_TASK:_
Below are some records. Return exactly their lines from the one containing "- Local weather-aware" through the one containing "อาร์เซนอล, แมนเชสเตอร์ ซิตี้, แมนเชสเตอร์", and drop the pictures.

_SUPPLIED MATERIAL:_

════════════════

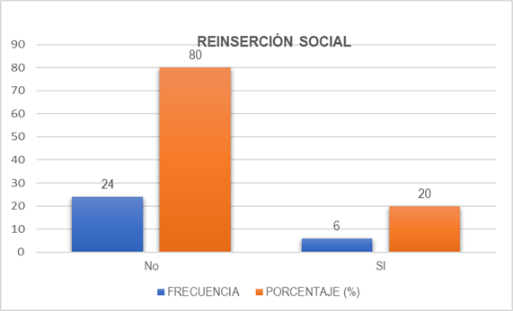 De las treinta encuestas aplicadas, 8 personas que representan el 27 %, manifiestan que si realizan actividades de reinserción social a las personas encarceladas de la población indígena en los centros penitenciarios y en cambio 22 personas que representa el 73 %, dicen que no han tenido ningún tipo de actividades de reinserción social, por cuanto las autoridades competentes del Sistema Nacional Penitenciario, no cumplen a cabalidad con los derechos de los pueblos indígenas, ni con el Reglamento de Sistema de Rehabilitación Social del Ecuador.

════════════════

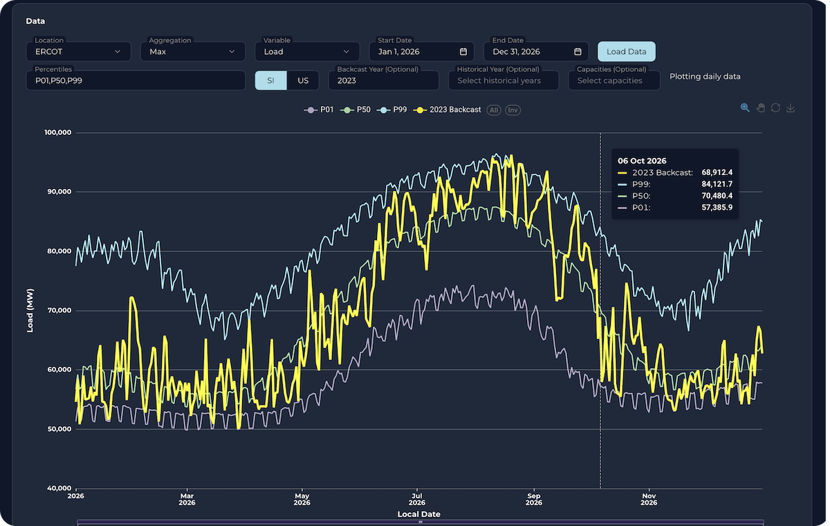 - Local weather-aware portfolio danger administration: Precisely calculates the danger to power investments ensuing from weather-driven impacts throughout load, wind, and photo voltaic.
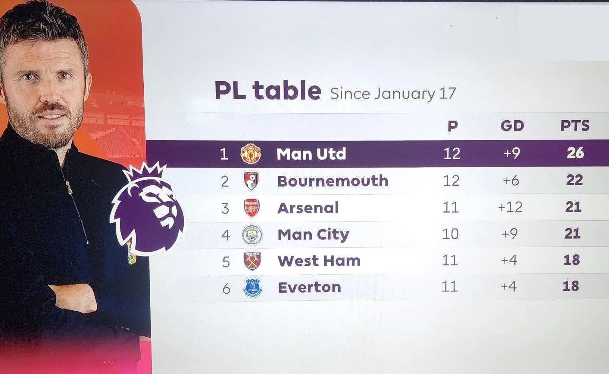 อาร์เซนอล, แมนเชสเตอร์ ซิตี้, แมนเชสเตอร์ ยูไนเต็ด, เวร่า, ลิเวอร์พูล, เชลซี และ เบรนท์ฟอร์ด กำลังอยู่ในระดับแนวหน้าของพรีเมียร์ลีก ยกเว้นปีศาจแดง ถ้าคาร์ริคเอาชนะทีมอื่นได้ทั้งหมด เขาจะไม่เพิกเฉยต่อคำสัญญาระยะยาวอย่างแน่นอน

════════════════

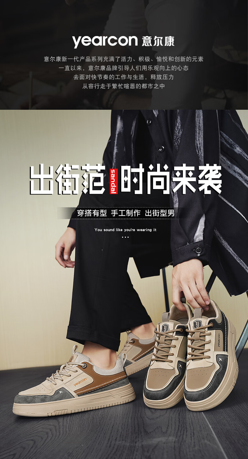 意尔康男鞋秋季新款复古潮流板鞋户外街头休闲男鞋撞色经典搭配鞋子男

════════════════

_EXERCISE ANSWER:_
 - Local weather-aware portfolio danger administration: Precisely calculates the danger to power investments ensuing from weather-driven impacts throughout load, wind, and photo voltaic.
 อาร์เซนอล, แมนเชสเตอร์ ซิตี้, แมนเชสเตอร์ ยูไนเต็ด, เวร่า, ลิเวอร์พูล, เชลซี และ เบรนท์ฟอร์ด กำลังอยู่ในระดับแนวหน้าของพรีเมียร์ลีก ยกเว้นปีศาจแดง ถ้าคาร์ริคเอาชนะทีมอื่นได้ทั้งหมด เขาจะไม่เพิกเฉยต่อคำสัญญาระยะยาวอย่างแน่นอน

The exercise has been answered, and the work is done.